# To Kato and Rino



## Kato Aaron (May 6, 2010)

Kato you were the light of my day, the reason I love bettas so much now. You stole my heart and never gave it back. You were the most amazing male betta I've ever met. When I saw you for the first time in your little wal-mart cup I smiled. You were dark blue and beautiful. Then your red/orange eyes met mine. Something told me it was destined to be.
I brought you home and gave you a 5 gal. You were very happy. We lived happily in my room. One day your fin turned grey and I was worried. I turned on the light in your tank and saw your body was dark purple and your head was black. Then your fin healed up and it was back to normal. You were so smart, doing stuff i told you to do. Like if you werent eating and i said, eat up kato, you would start eating. 
One day I decided I was going to get you a friend. It didnt take long to find Rino (pronounced Reno). She was a gorgeous green girl and she seemed to smile. I knew you would like her. You guys fell in love! I decided to spawn you guys one day. It was hard at first, you guys didnt know what to do, but it was smooth once you got the hang of it. After that when you guys would see each other you would flare and dance and Rino would get breeding stripes. I kept you guys in view of each other always and easily spawned you 5 times!
Then one day I got a steel blue male named Kurt Cobain. You guys became good friends through the tank glasses. But Rino became sick after a year that she lived with us.. it turned out she had dropsy. She passed away in a tank next to yours. then you became very sad and you weren't your usual self. I understood why of course, you lost the love of your life. As I got more bettas you were still my favorite, I told you everyday that I loved you. 
But after two years of living with me you got fin rot. Usually your fins healed very fast but this time they wouldnt heal despite my efforts. Your fin rot became so bad it began eating at your body. I thought you still might somehow recover. I told you I didnt want to euthinize my baby. Then your red/orange eyes met mine and they told me it was time for you to join Rino.. it was okay. We said our goodbyes and I told you I loved you so much. Now you are with Rino again.
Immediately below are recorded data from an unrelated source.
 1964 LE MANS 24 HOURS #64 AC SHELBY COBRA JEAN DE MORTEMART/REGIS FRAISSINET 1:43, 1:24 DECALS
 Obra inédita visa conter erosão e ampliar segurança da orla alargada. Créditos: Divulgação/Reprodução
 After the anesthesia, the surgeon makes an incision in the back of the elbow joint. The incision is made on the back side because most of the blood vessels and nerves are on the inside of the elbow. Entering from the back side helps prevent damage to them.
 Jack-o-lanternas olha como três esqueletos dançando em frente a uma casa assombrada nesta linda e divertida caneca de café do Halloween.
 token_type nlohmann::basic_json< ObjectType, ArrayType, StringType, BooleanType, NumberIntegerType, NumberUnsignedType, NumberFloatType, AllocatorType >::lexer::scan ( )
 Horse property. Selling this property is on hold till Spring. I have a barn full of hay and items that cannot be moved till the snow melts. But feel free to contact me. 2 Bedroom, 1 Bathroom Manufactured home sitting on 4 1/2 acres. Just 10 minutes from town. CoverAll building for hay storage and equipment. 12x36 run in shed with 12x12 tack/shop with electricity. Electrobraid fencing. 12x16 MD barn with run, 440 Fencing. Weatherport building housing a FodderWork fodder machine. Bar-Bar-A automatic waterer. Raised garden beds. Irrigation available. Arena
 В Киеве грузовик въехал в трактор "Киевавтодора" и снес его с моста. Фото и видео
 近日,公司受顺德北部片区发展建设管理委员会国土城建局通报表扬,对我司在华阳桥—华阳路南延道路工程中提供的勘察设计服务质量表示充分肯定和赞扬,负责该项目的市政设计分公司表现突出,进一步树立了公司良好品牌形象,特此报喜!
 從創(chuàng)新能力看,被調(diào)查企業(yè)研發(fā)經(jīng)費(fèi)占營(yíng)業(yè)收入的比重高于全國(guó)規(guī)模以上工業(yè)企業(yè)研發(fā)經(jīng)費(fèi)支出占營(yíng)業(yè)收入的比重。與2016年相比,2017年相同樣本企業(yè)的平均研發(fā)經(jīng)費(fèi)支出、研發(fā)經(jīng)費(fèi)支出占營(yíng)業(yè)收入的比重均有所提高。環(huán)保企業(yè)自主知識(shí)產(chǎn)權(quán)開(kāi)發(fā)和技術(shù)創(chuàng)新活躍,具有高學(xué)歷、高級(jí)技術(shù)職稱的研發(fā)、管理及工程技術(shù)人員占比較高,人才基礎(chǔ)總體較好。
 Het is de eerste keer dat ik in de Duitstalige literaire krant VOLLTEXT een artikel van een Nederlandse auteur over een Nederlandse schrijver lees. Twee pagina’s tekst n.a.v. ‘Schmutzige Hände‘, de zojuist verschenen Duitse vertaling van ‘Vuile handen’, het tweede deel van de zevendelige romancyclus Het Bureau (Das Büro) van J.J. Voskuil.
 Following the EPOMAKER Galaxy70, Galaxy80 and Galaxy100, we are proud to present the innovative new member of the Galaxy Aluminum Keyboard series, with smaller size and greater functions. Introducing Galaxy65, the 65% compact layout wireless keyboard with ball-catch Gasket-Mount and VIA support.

To anyone reading this, sorry for the wall of text. This is a memorial to my first betta. I loved him to death and got 2 amazing years with him. R.I.P Kato. Also R.I.P. Rino. I loved you too. ^-^ I hope betta heaven is as beautiful as you guys were.


----------



## LikeDiscoSuperfly (Oct 18, 2010)

Awwe, sounds like you really loved them. You gave them a very nice life =]


----------



## dramaqueen (Jul 7, 2008)

Awww, that is a very nice memorial. RIP Kato and Rino.


----------



## Kato Aaron (May 6, 2010)

thank you guys ^-^ i appreciate it!


----------



## WolfLinket (Nov 15, 2010)

Goodness, That's so sad. Q.Q


----------



## Romad (Jun 28, 2009)

What a sad and beautiful tribute. RIP Kato & Rino.


----------